Judge of the Superior Court


[1] There are three Plaintiffs in this action—the City, the People of the State of California and the City’s Attorney, Amelia Ann Albano. For ease of reference, the court refers to all Plaintiffs as the City.

[2] The City also requests additional relief related to enforcement. After the court issued its Order Granting Plaintiffs’ Ex Parte Application for Temporary Restraining Order and Order to Show Cause Re Preliminary Injunction (TRO) on March 8, 2021 against Barfly, the City twice requested modifications of the TRO—an order authorizing the City to terminate Barfly’s electrical service and an order allowing the City to padlock Barfly’s doors. The court ordered the requested modifications. In reply, the City seeks additional orders from the court to assist it with enforcement of any preliminary injunction ordered.

[3] Defendant Baret Lepejian is the President and Chief Executive Officer of Barfly. (3/3/21 City’s Request for Judicial Notice (RJN), Ex. 10.) Defendant Isabelle Lepejian is the record title owner of the property where Tin Horn Flats is located. (3/3/21 City’s RJN, Ex. 11.) Defendants Lucas Lepejian and Talya Lepejian are the children of Baret Lepejian and they hold themselves out to be owners, managers, employees, and/or agents for Tin Horn Flats. (3/3/21 Lee Decl., Exs. 1, 2, 8, 13, 31, 32.) These facts are undisputed.

[4] At 2:27 p.m., the day before the hearing in this matter, Barfly filed a declaration from one of its counsel on the status of an administrative appeal of the County’s revocation of its public health permit. The court elects to disregard the late filed evidence.

[5] The City Council’s resolution found Tin Horn Flat’s ongoing operation without a public health permit was “detrimental to the public health and welfare, [was] materially injurious to the property and to the adjacent neighborhood, and thus constitutes a public nuisance and justification for the revocation of Tin Horn Flats [CUP] under” the BMC. (3/3/21 Frutos Decl. ¶ 5, Ex. 1.)

[6] Health and Safety Code section 114381, subdivision (a) provides: “A food facility shall not be open for business without a valid permit.”

[7] Barfly concedes it has not administratively challenged the City’s decision to revoke its CUP. The City “claims that Barfly did not appeal or provide a response before the City of Burbank held a public permit revocation hearing in regard to Tin Horn’s CUP and as such, was provided an adequate opportunity to be heard.
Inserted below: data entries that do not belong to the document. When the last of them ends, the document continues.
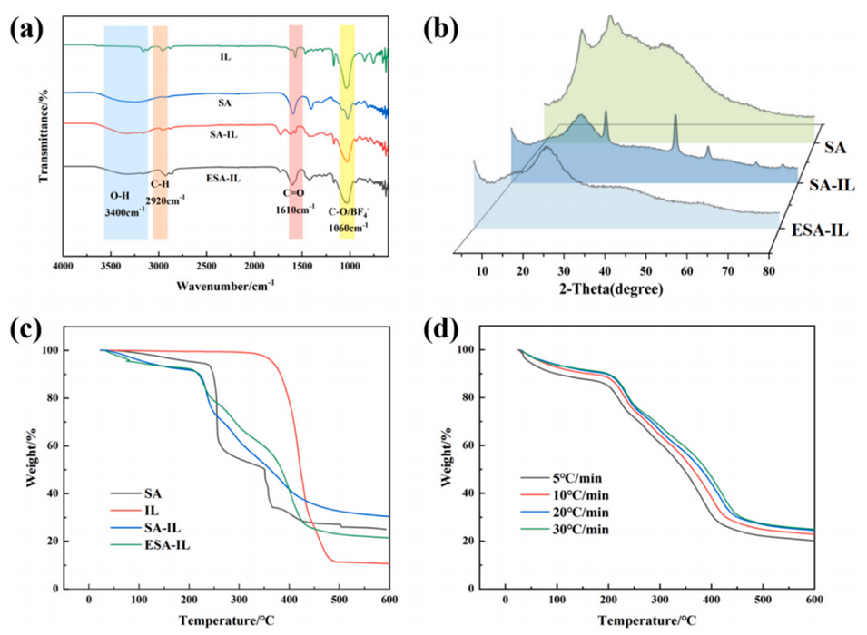 图3 海藻酸钠(SA)、离子液体(IL)、SA–IL 及 ESA–IL 微胶囊的光谱、结构与热性能表征。(a) IL、SA、SA–IL 与 ESA–IL 的傅里叶变换红外光谱,突出 O–H、C–H、羧基负离子(–COO⁻)及 C–O–C / 四氟硼酸根负离子(BF₄⁻)特征峰区;(b) SA、SA–IL 与 ESA–IL 的 X 射线衍射图谱,显示 SA 的无定形漫散峰、SA–IL 中的额外衍射峰,以及 ESA–IL 更强的无定形特征;(c) 氮气氛围下 SA、IL、SA–IL 与 ESA–IL 的热重曲线,表明其多步分解行为与最终残炭量差异;(d) 不同升温速率(5、10、20、30 ℃・min⁻¹)下 ESA–IL 的热重曲线,结果显示升温速率加快会使分解步骤向表观高温轻微偏移,但整体多步分解行为与最终残炭量保持不变。
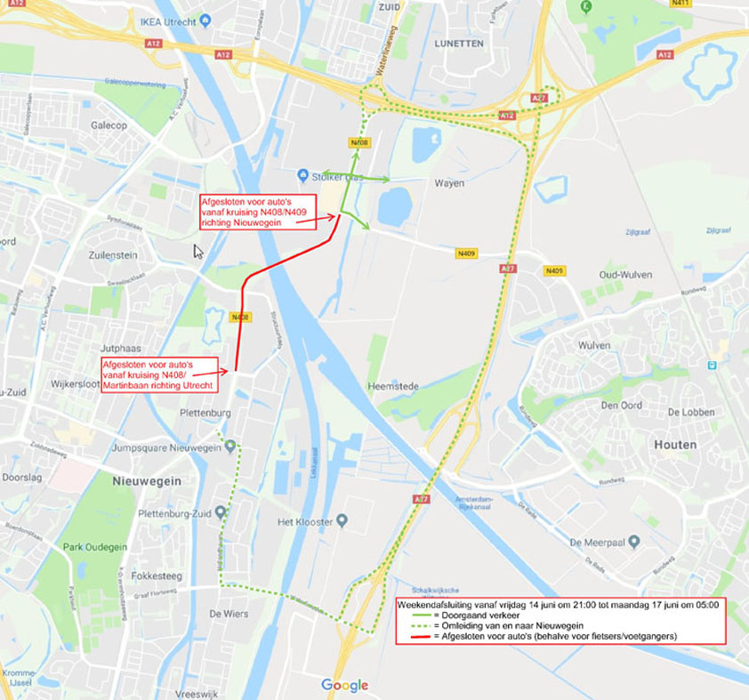 In het weekend van 14 tot en met 17 juni werkt wegenbouwer KWS aan de verbreding van de N408. Dit betreft de nieuwe aansluiting tussen bedrijventerrein De Liesbosch en de N408. De N408 tussen Nieuwegein en de N409 is van vrijdagavond 14 juni 21.00 uur tot en met maandagochtend 17 juni 05.00 uur in beide richtingen volledig afgesloten voor autoverkeer. Op bijgevoegde tekening is het afgesloten weggedeelte weergegeven.
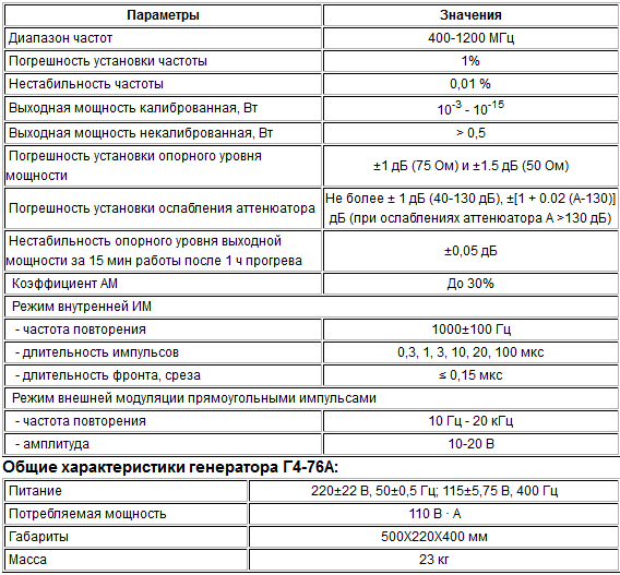 Генератор Г4-76А используется в качестве источника сигнала при проверке и регулировке различных радиотехнических устройств, при работе с измерительными линиями, измерителем ослаблений в лабораториях, цехах и ремонтных мастерских.
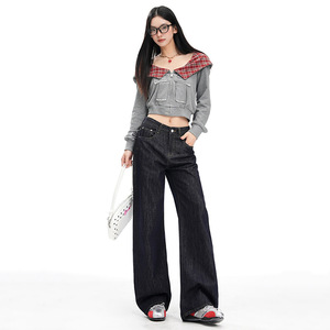防掉色筒染工艺 秋季新款软牛仔裤女秋季季新款高腰宽松直筒裤子
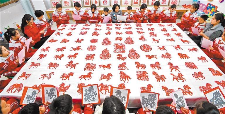 1月15日,河北省邯郸市磁县第四实验小学,师生在创作马年主题剪纸作品。郝群英摄(中经视觉)
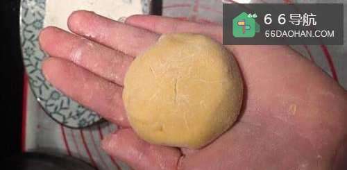 3掐一段面团揉成小面团,双手拍上粉,把面粉拍在面团上面。
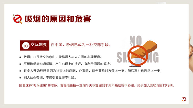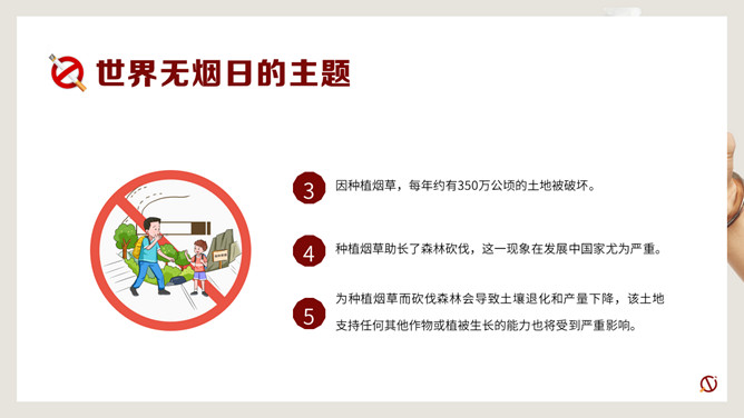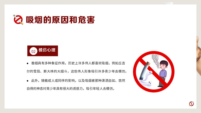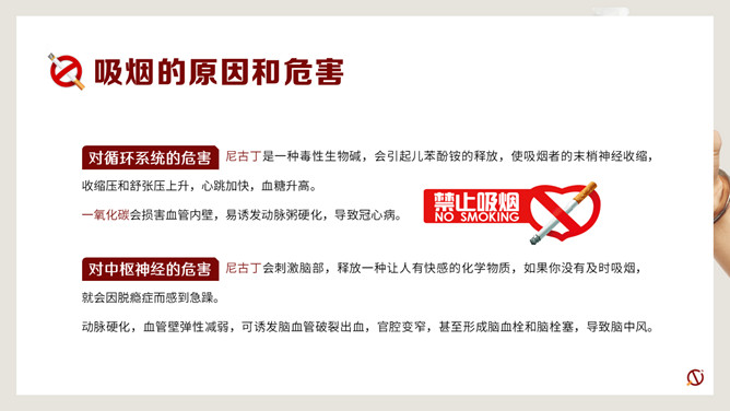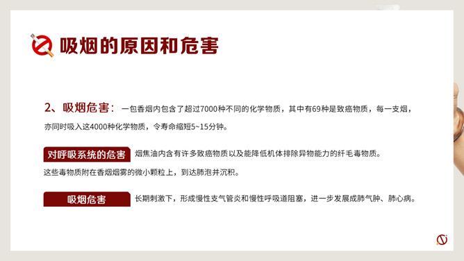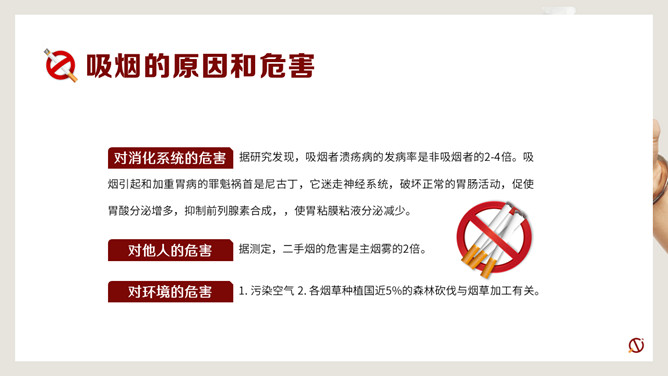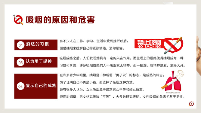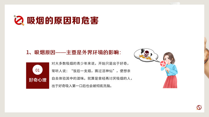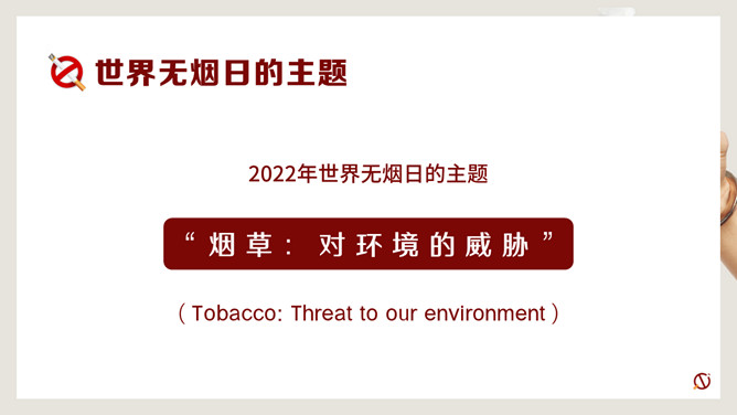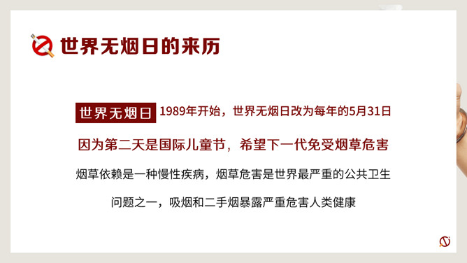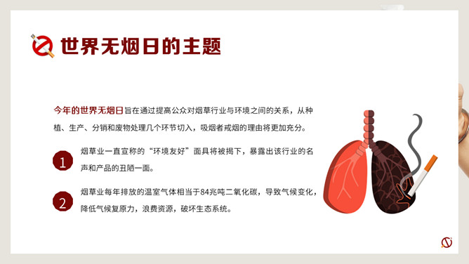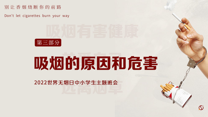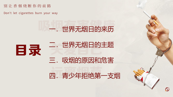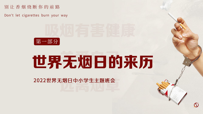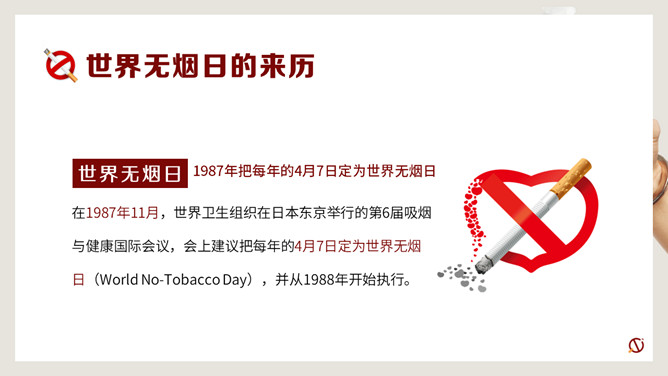 国际无烟日禁烟宣传PPT模板。包含国际无烟日的来历、国际无烟日的主题、吸烟的原因和危害、青少年拒绝第一支烟等内容。

However, it was made abundantly clear that any efforts by Barfly to receive a fair, neutral hearing would be futile, and thus, was denied due process whether they appealed or sent a response pre-hearing.” (Opposition 13:14-18.) The court has no evidence upon which to judge Barfly’s claims of an unfair administrative proceeding.

[8] In United States v. Caltex (1952) 344 U.S. 149, compensation under the Takings Clause was denied for an oil terminal facility in Manila that the United States Army destroyed immediately prior to the Japanese invasion of the Philippine Islands to deprive the enemy “of a valuable logistic weapon.” (Id. at p. 151.)